Ronald Reagan: How an Ordinary Man Became an Extraordinary Leader. – Review – book reviews

Richard S. Glowaki

Ronald Reagan: How an Ordinary Man Became an Extraordinary Leader. By Dinesh D’Souza. (New York: The Free Press, 1997. Pp. x, 292. $25.00.)

As the tenth anniversary of the end of Ronald Reagan’s presidency is at hand, there is bound to be an increase in the number of historical works on his two terms in office and the legacy that many say still actively influences legislation to this day. Dinesh D’Souza should know about Reagan, as he served in his White House for two years as a Senior Domestic Policy Analyst. He has also authored two highly readable and thought-provoking books on education and racism and is currently a research scholar at the American Enterprise Institute.

Upon learning that D’Souza was part of the Reagan White House, one might instantly dismiss this book as a one-sided debate in Reagan’s defense. By that argument, books by other former White House insiders, such as Arthur Schlesinger, Jr., or Theodore Sorenson, would have been ignored.

Perhaps to assert his objectivity, D’Souza repeats Reagan’s self-effacing joke that his Cabinet chair should note: “Ronald Reagan slept here,” though the author is quick to point out there is no evidence Reagan ever really napped at work. The author also quotes P. J. O’Rourke, recalling nostalgically, “the days when sleeping with the president meant attending a cabinet meeting.” National Security Advisor, Robert McFarlane, observed that “Reagan knows so little and accomplishes so much.” And, as speech writer Peggy Noonan put it, Reagan’s life was proof that “the unexamined life is worth living.”

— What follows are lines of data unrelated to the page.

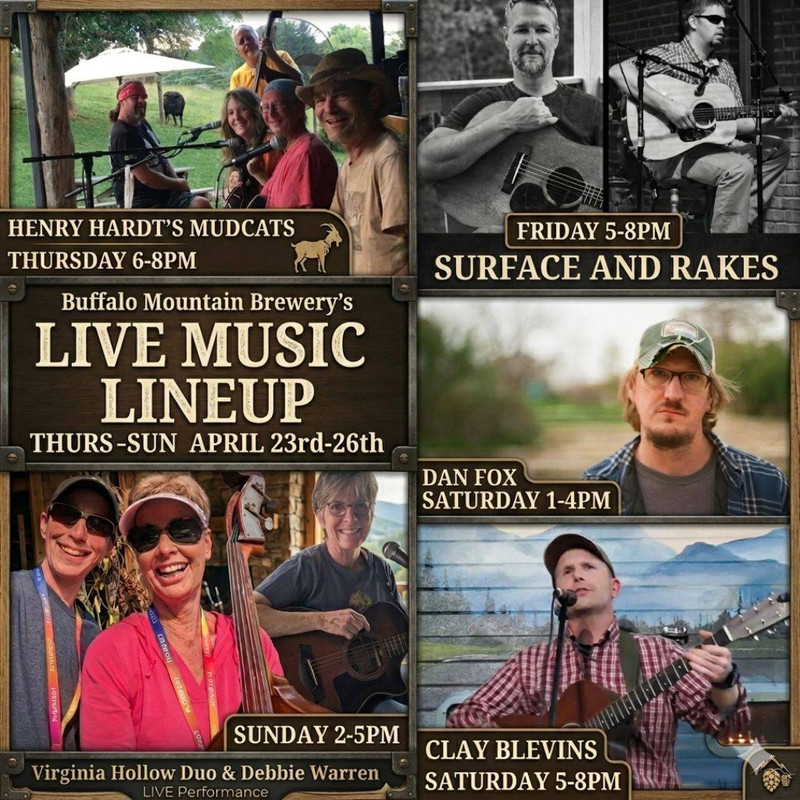 Buffalo Mountain Brewery presents Dan Fox and Clay Blevins in concert on Saturday, April 25, 2026.
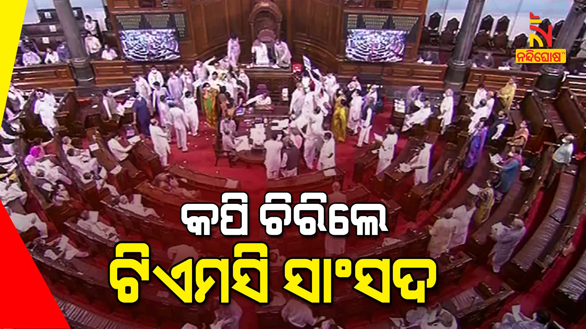 ଟିଏମସି ସାଂସଦ ମାନେ ଅଶ୍ୱିନୀ ବୈଷ୍ଣବଙ୍କ ହାତରୁ ବୟାନର କପି ନେଇ ଫାଡି ଦେଇଥିବା ସୂଚନା ମିଳିଛି।
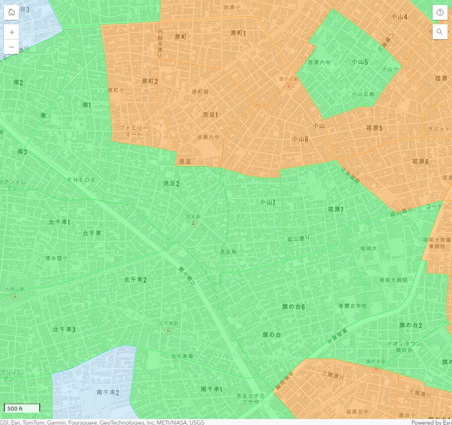 洗足駅周辺は、目黒区・大田区・品川区の3つの自治体にまたがるエリアです。
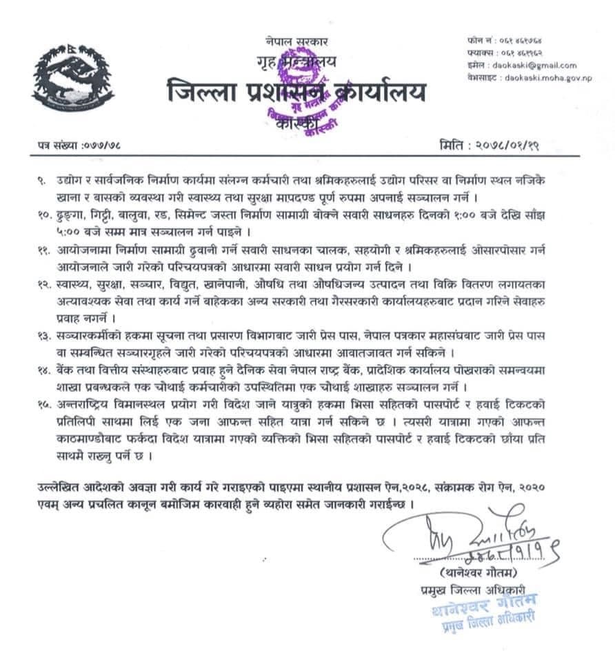 खाद्यान्न, डेरी पसल, बिहान ५ बजेदेखि ९ बजेसम्म खोल्न पाइने निर्णय भएको कास्कीका प्रमुख जिल्ला अधिकारी थानेश्वर गौतमले जानकारी दिए । औषधी पसल भने २४ घन्टा खोले पनि रोकतोक हुने छैन । यसअघि रेस्टुरेन्टमा टेक अवे सेवा सञ्चालन गरिएकोमा त्यो पनि बन्द हुनेछ ।
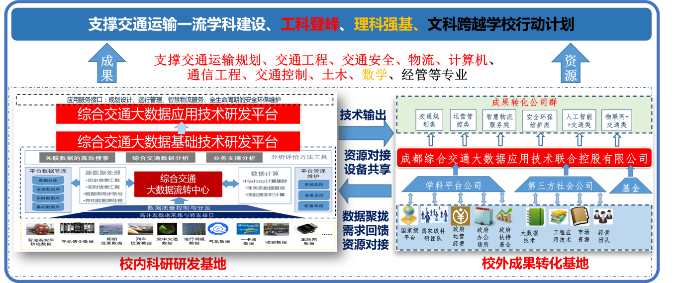 根据国家发改委对国工室进行综合交通大数据关键技术应用化和工程化的核心要求,国工室确定了“校内研发基地、校外成果转化双基地”和“四个层次示范”的建设思路。国工室将成立校内科研研发基地和校外成果转化基地,聚拢高层次科研团队、成果,实现科研成果孵化形成成果转化公司群,支撑交通运输一流团队建设、工科登峰、理科强基、文科跨越学校行动计划的同时,还将输出成套关键技术,协同政府、企业资源建设企业级、城市级、区域级、国家级四个层次应用示范,聚拢数据资源,解决跨地域、跨部门管理难题。
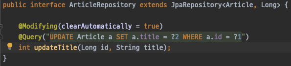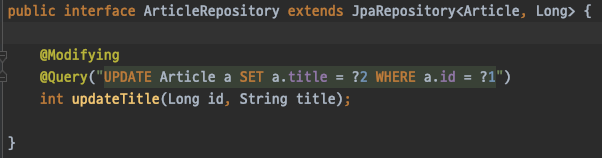 ArticleRepository를 만들었습니다. title을 UPDATE하는 쿼리 메서드를 정의했습니다.
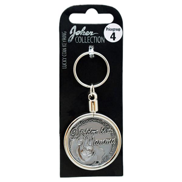 Nyckelring med Lyckomynt Världens Bästa Mamma omfattar en silvrig nyckelring i form av ett lyckomynt med texten ``Världens bästa mamma´´ på framsidan och ``Att ha en mamma som dig är lycka. Älskar dig!´´ på baksidan.
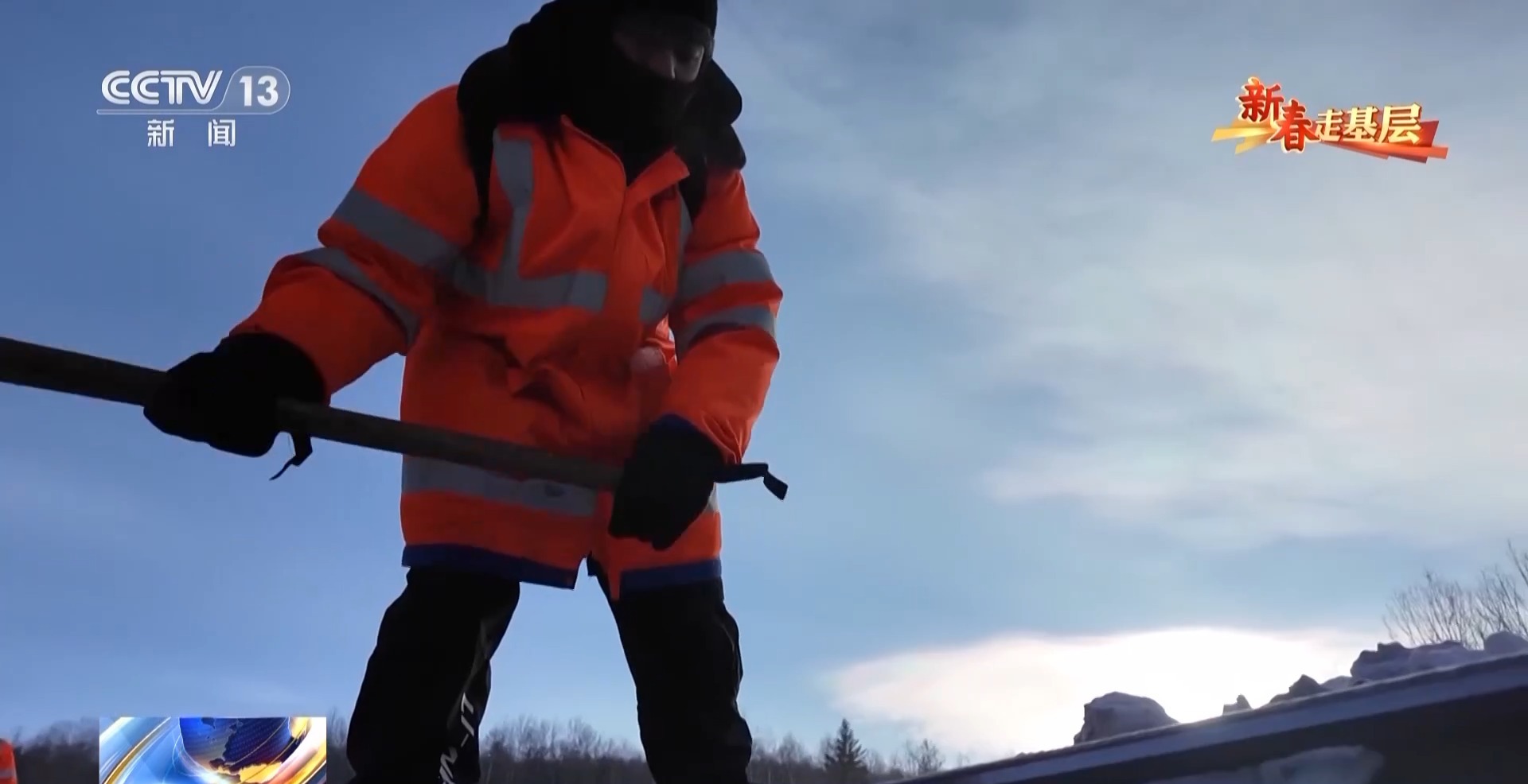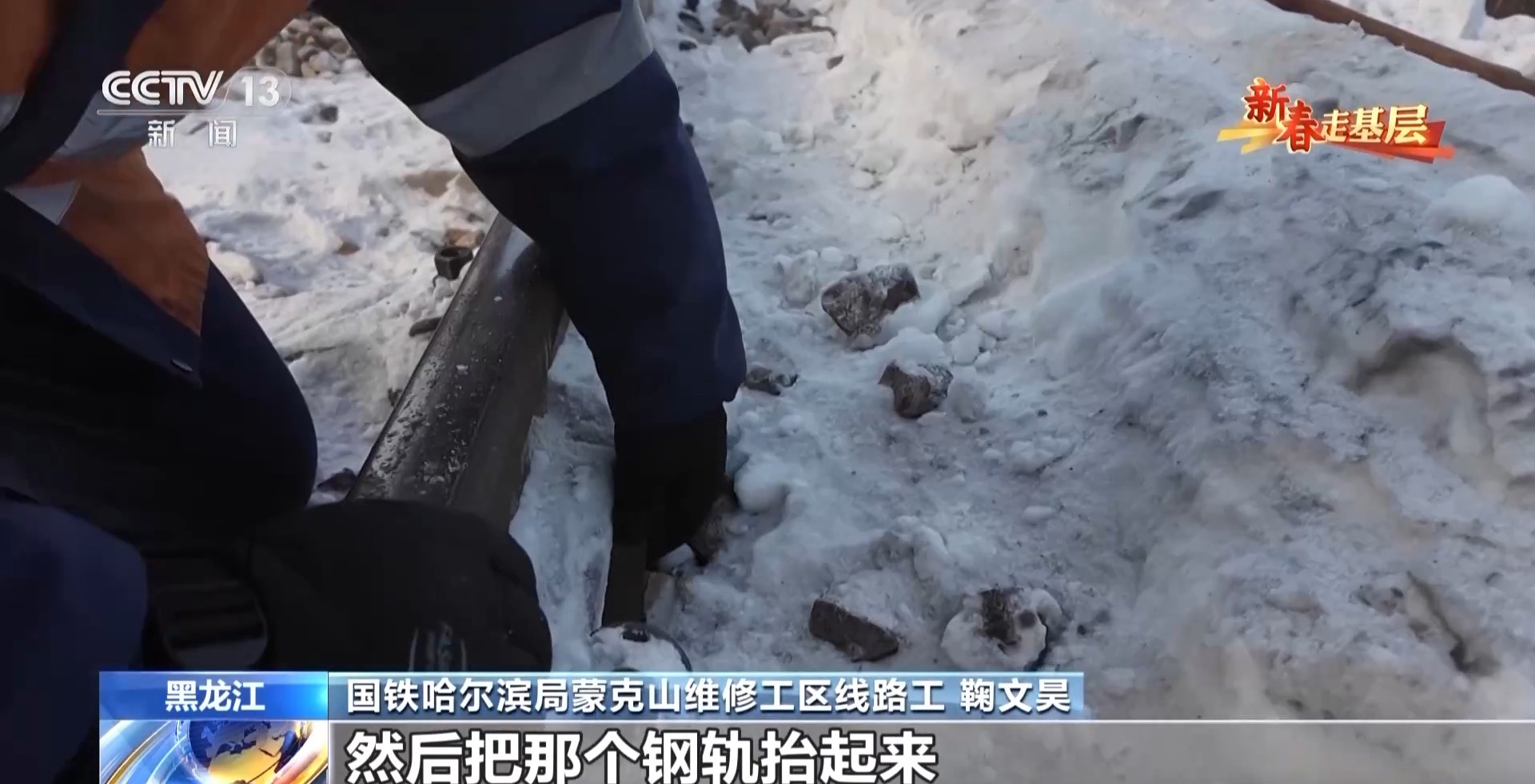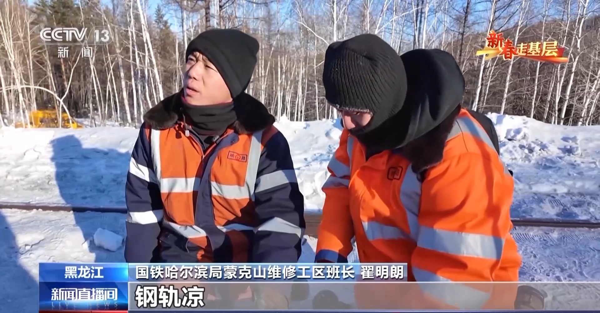 國鐵哈爾濱局蒙克山維修工區(qū)班長 翟明朗:冬天因?yàn)闅鉁乇容^低,鋼軌涼,然后手熱,它碰著鐵直接就粘住了。不能直接往下拽,容易給皮拽下來。

Studying the criticisms of Reagan and his presidency, D’Souza ultimately paints a portrait of a president who did perhaps more than any other leader in the second half of the twentieth century to shape the world. D’Souza confesses that he used to admire Reagan’s personal qualities more than his intellect or administrative skills, but now he sees a Reagan that “has faults as an individual but was driven by moral indignation. Reagan lived in a world of good (capitalism and democracy) and evil (communism and socialism) and had no doubt good would prevail.”

D’Souza also accurately notes how Reagan understood more about compromise than Newt Gingrich and more about conviction than Bill Clinton. The author concludes that if Reagan does not fit our preconceptions of what makes a great leader, then we must rethink our understanding of both greatness and leadership.

It will take more than this book to unravel the Reagan mystery and legacy, but D’Souza has written a valuable initial step in the process of unlocking and understanding the fortieth President.